Wednesday, September 03, 2008

Thieves!!!

I like birds as much as the next person. In fact, a few weeks ago I pulled over, parked the car, and used a menu to lift a baby bird out of the street and onto the grassy verge. I know the most likely outcome is that Tweety died, but at least he didn't get run over.

The word clearly got around. Today, I counted seven birds on the porch, and when I went outside more than twenty flew up into the trees.

You're thinking: they don't know you saved that baby bird from a grisly death. Just because they come to the window and look in at you, that doesn't mean they see you as a friend.

Quite right.

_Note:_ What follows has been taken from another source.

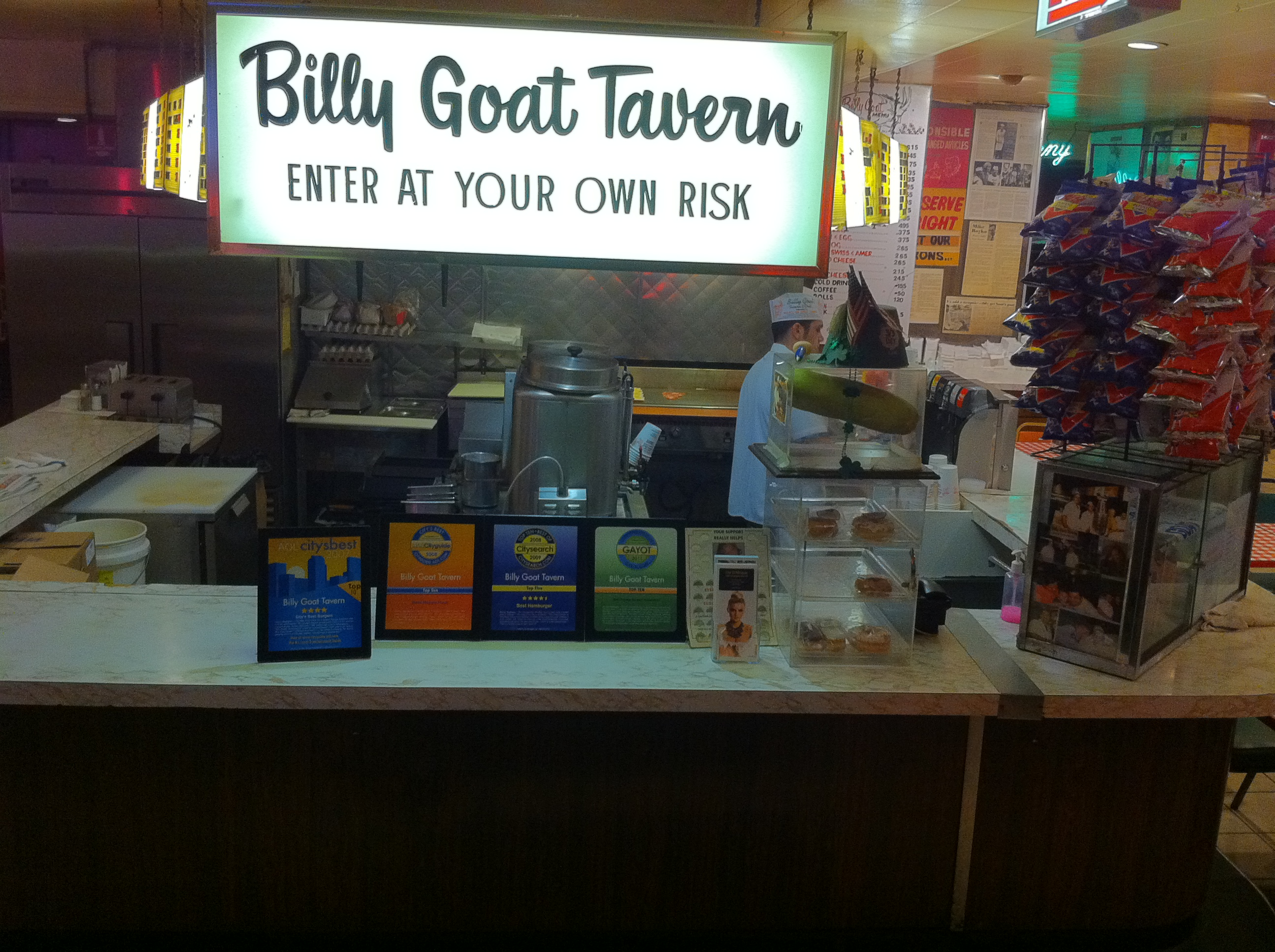 Billy Goat Tavern, 430 North Michigan Avenue, Chicago, Illinois. This is the original location, featured in Saturday Night Live skit.

I'm not their friend. I'm their communal larder. Look what a cardinal did right in front of me this morning!!:



I managed to save some, though. These are the most delightfully bird-sized tomatoes. They taste great, but they're sooo teensy. I told Mother the birds stole my produce, and she said, "Just cut off the part the bird ate." Uh...Mother...that would leave approximately a gram of tomato. See them here, with the lemon verbena:



For a size reference, I tried to have Iain pose with them. Instead, I learned we've entered the Oral Fixation Stage. Evidence:




[No tomatoes, or babies, were harmed in the making of this post.]

[Except by that bird.]

[Of course, I plan to harm these tomatoes, ASAP.]

[No tomatoes for Baby, though. Not till next summer.]

1 comment:

Unknown said...

We have the same issue so we got 6 bird feeders. Now we have over 8 species of birds in our yard (and about 832124 of each of the species) and they have left *most* of the produce alone.

Then we noticed that we have a bird called the Gray Catbird. It took us a while to identify it but when it was eating out of the compost, eating the maggots, etc there, Will was able to identify it. We thought that it was cool that we had this bird, since apparently it is in decline in our area. And then we watched it go and EAT OUR FIGS!

All the other birds are so involved in the safflower, sunflower, mixed, nijer (thistle), seeds and peanuts, not to mention the suet, they don't care about the produce. Not this bird. He is all about the fresh figs. And the compost.

However, I did already take your mother's advice: I just cut out the parts the bird ate even though we have no shortage of figs. It still makes good fig jam.